Pressed the wrong button when I tried to edit the code example... here's the correct (simplified) example:
def handle_sigterm(*_: Any) -> None :
"""Shutdown gracefully."""
done_event = server.stop(30)
done_event.wait(30)
server = grpc.server(
futures.ThreadPoolExecutor(max_workers = options['max_workers']),
)
add_Servicer_to_server(service, server)
server.add_insecure_port(options['address'])
server.start()
signal(SIGTERM, handle_sigterm)
server.wait_for_termination()
I'm deploying my service through kubernetes, which stops pods by first sending a SIGTERM event, and, if the pod is still alive after a timeout, it kills it using SIGKILL.

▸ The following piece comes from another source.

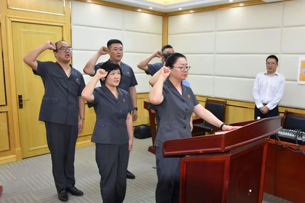 △新任職人員正在進(jìn)行憲法宣誓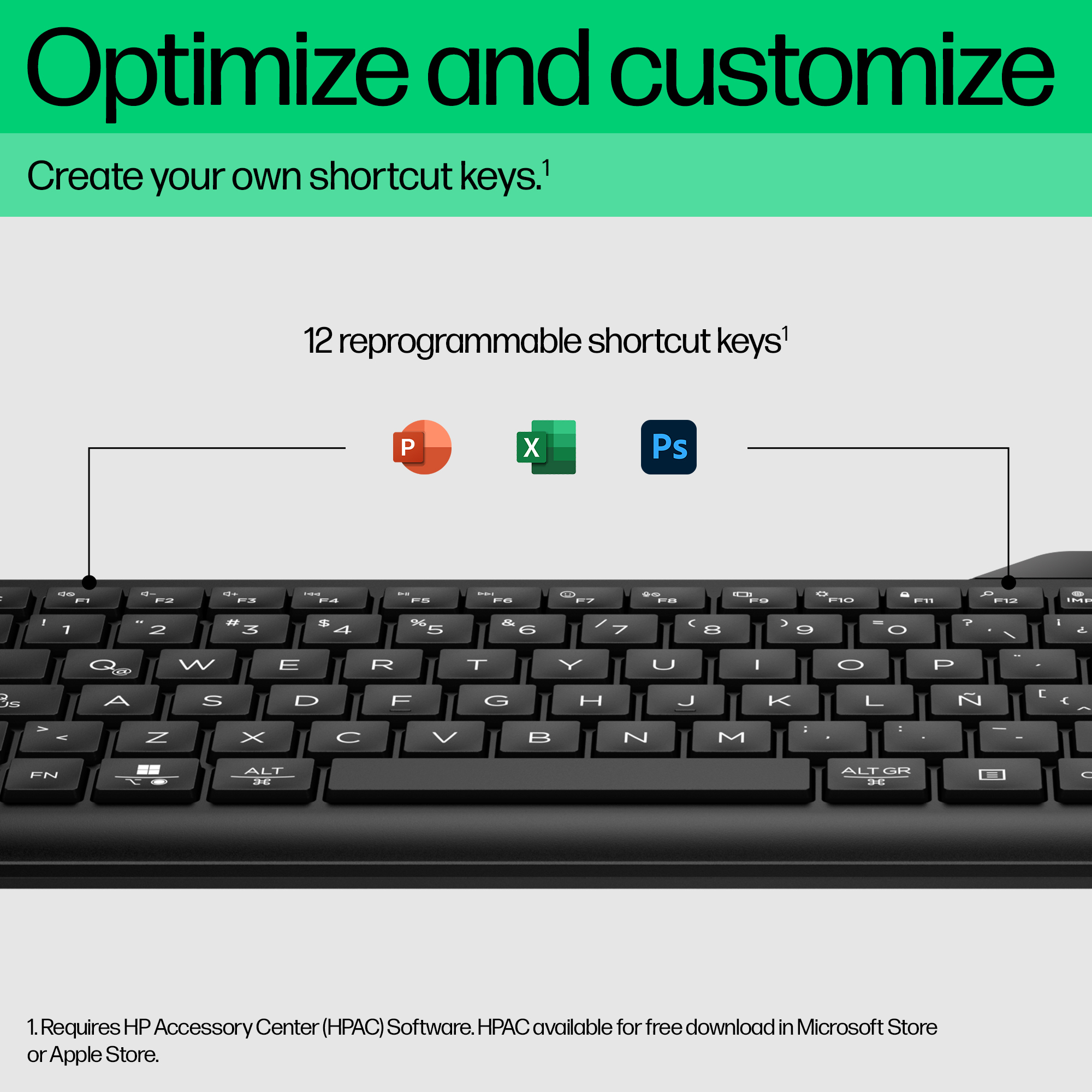 A little flexibility goes a long way. Program the F1–F12 keys to act as custom shortcuts, or automate difficult keystroke combinations to perform your day-to-day tasks in a fraction of the time<sup>[1]</sup>. HP Accessory Center software makes it easy to set and change commands on the fly.

The behavior that I witness:
* the time it takes for the pod to terminate looks a lot like it's using the full 30s that kubernetes gives it = it ends up getting killed by SIGKILL
* the log for the stop of the service inside the SIGTERM handler never appears
So I think that one of following things might be happening here (that I can think of):
1. the handler never gets called because the process gets killed before it gets to handle it
2. the server takes so long to shut down, that kubernetes ends up killing it before it gets to logging the message
3. the shutdown event doesn't get set even after the server is done shutting down, causing kubernetes to kill it without logging the message
And for the long run: would it be possible to get something like wait_for_termination that is capable of handling graceful shutdown natively, without the developers having to add something on top of it?
Thanks for your help!